Action item: Without including any image, retype the records word for word.

------------------------------------------------------------

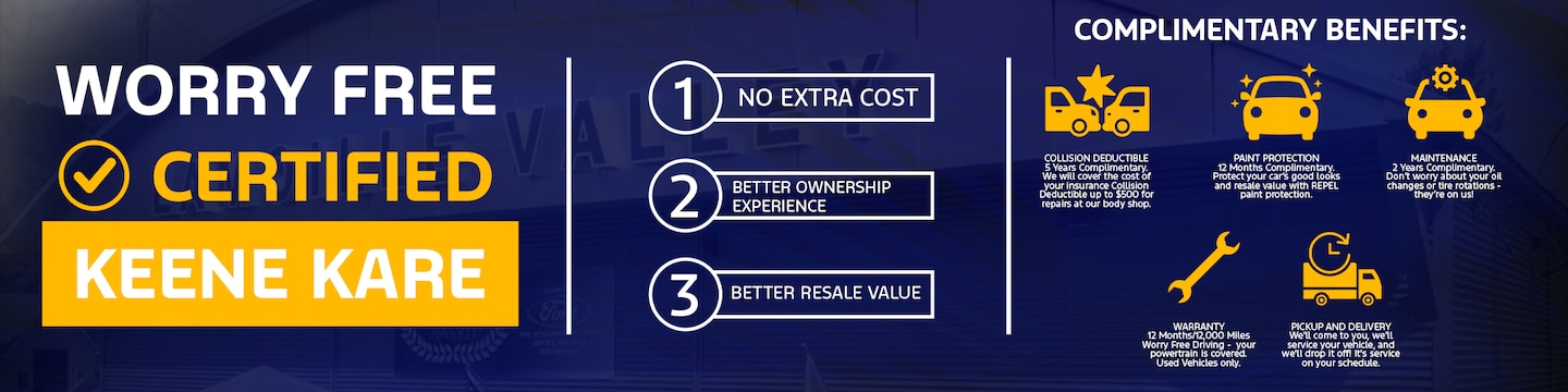 Buying a vehicle is a major life decision, and Lamoille Valley Ford Inc. cares about ensuring your complete satisfaction and that you feel confident no matter which vehicle you choose. That's why we offer Keene Kare, a complimentary package of worry-free protection plans that protect you from the unexpected and ensure the lasting quality of your new or used vehicle. When you purchase a vehicle at our dealership, all the perks of Keene Kare are included with every vehicle to provide exceptional value and peace of mind.
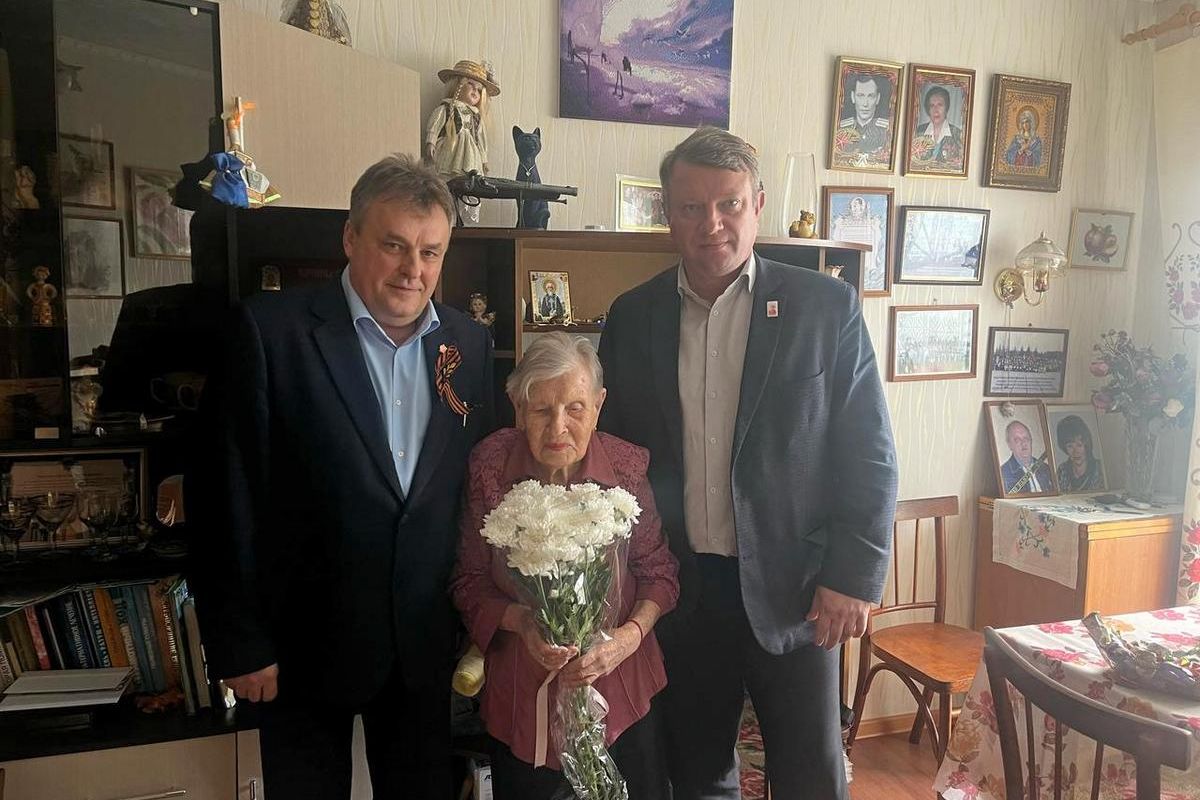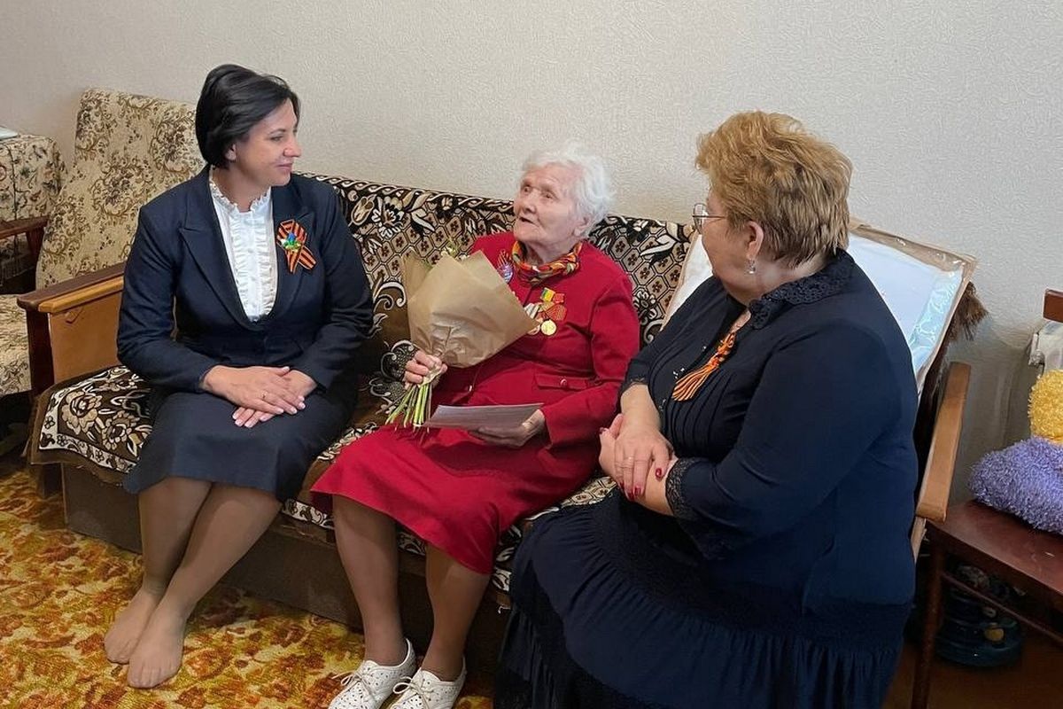 С наступающим Днём Победы труженицу тыла Нину Гордеевну Кашину поздравила депутат заксобрания Наталья Иванова. Парламентарий вручила ветерану цветы и подарки.
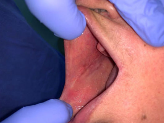 The patient is undergoing clinical follow-up for one year with no changes indicative of recurrence and with a satisfactory healing aspect (Figure 5).
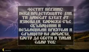 юли 5, 2020 Илинден Пожелание за Илинден 8 за 15 февруари 2026 Честит празник! Нека предстоящите дни ти донесат букет от изненади, ковчеже със скъпоценни и незаменими приятели и слънцето на любовта, което да свети и топли само теб!
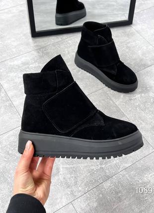Код 1089 Ботинки зимние Khutro Цвет: черный Материал : Натуральная замша Сезон : зима ( штучне густе хутро) Подошва : 4,5 см Размеры: 36-40 36 - 23см 37 - 23,5см 38 - 24,3см 39 - 25см 40 - 25,5 см Цена : 1950 грн
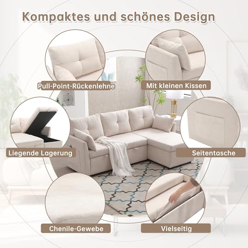 Das flexible Design des Ecksofas ermöglicht es, die linke und rechte Seite nach Ihren Wünschen auszutauschen.Das praktische Stauraum-Design bietet reich Platz unter dem Liegesitz, ideal zur Aufbewahrung von Bettwäsche, Kissen oder saisonaler Kleidung. So bleibt Ihr Zimmer stets hübsch und aufgeräumt. Zudem sind seitliche Ablagefächer integriert, um Fernbedienungen und andere kleine Gegenstände griffbereit zu halten.
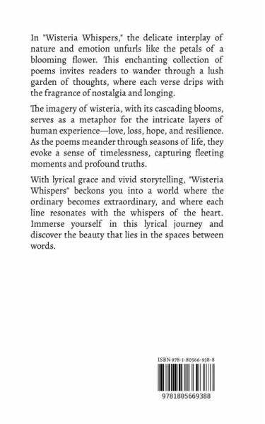 In "Wisteria Whispers," the delicate interplay of nature and emotion unfurls like the petals of a blooming flower. This enchanting collection of poems invites readers to wander through a lush garden of thoughts, where each verse drips with the fragrance of nostalgia and longing. The imagery of wisteria, with its cascading blooms, serves as a metaphor for the intricate layers of human experience-love, loss, hope, and resilience. As the poems meander through seasons of life, they evoke a sense of timelessness, capturing fleeting moments and profound truths. With lyrical grace and vivid storytelling, "Wisteria Whispers" beckons you into a world where the ordinary becomes extraordinary, and where each line resonates with the whispers of the heart. Immerse yourself in this lyrical journey and discover the beauty that lies in the spaces between words.
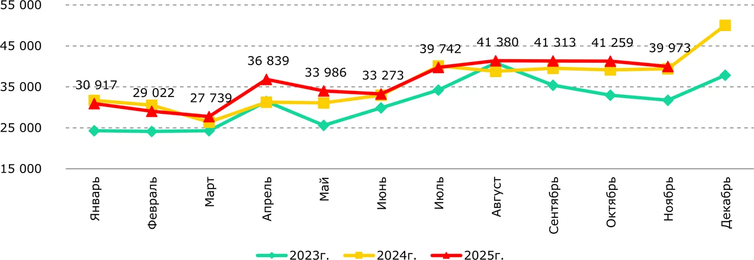 Рис. 3. Динамика количества сделок купли-продажи за 2023-2025 годы
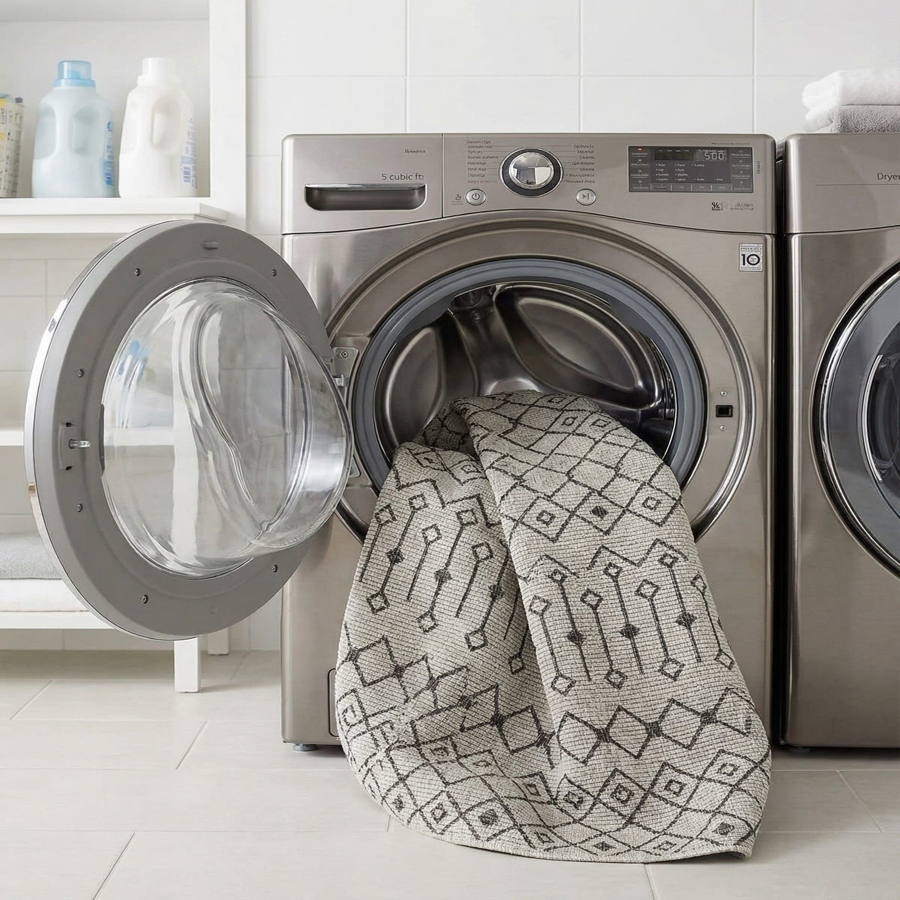 Detail image of 5' 3 x 8'  Washable Trellis Indoor / Outdoor Oval Rug

------------------------------------------------------------

Response area:
 Buying a vehicle is a major life decision, and Lamoille Valley Ford Inc. cares about ensuring your complete satisfaction and that you feel confident no matter which vehicle you choose. That's why we offer Keene Kare, a complimentary package of worry-free protection plans that protect you from the unexpected and ensure the lasting quality of your new or used vehicle. When you purchase a vehicle at our dealership, all the perks of Keene Kare are included with every vehicle to provide exceptional value and peace of mind.
 С наступающим Днём Победы труженицу тыла Нину Гордеевну Кашину поздравила депутат заксобрания Наталья Иванова. Парламентарий вручила ветерану цветы и подарки.
 The patient is undergoing clinical follow-up for one year with no changes indicative of recurrence and with a satisfactory healing aspect (Figure 5).
 юли 5, 2020 Илинден Пожелание за Илинден 8 за 15 февруари 2026 Честит празник! Нека предстоящите дни ти донесат букет от изненади, ковчеже със скъпоценни и незаменими приятели и слънцето на любовта, което да свети и топли само теб!
Код 1089 Ботинки зимние Khutro Цвет: черный Материал : Натуральная замша Сезон : зима ( штучне густе хутро) Подошва : 4,5 см Размеры: 36-40 36 - 23см 37 - 23,5см 38 - 24,3см 39 - 25см 40 - 25,5 см Цена : 1950 грн
 Das flexible Design des Ecksofas ermöglicht es, die linke und rechte Seite nach Ihren Wünschen auszutauschen.Das praktische Stauraum-Design bietet reich Platz unter dem Liegesitz, ideal zur Aufbewahrung von Bettwäsche, Kissen oder saisonaler Kleidung. So bleibt Ihr Zimmer stets hübsch und aufgeräumt. Zudem sind seitliche Ablagefächer integriert, um Fernbedienungen und andere kleine Gegenstände griffbereit zu halten.
 In "Wisteria Whispers," the delicate interplay of nature and emotion unfurls like the petals of a blooming flower. This enchanting collection of poems invites readers to wander through a lush garden of thoughts, where each verse drips with the fragrance of nostalgia and longing. The imagery of wisteria, with its cascading blooms, serves as a metaphor for the intricate layers of human experience-love, loss, hope, and resilience. As the poems meander through seasons of life, they evoke a sense of timelessness, capturing fleeting moments and profound truths. With lyrical grace and vivid storytelling, "Wisteria Whispers" beckons you into a world where the ordinary becomes extraordinary, and where each line resonates with the whispers of the heart. Immerse yourself in this lyrical journey and discover the beauty that lies in the spaces between words.
 Рис. 3. Динамика количества сделок купли-продажи за 2023-2025 годы
 Detail image of 5' 3 x 8'  Washable Trellis Indoor / Outdoor Oval Rug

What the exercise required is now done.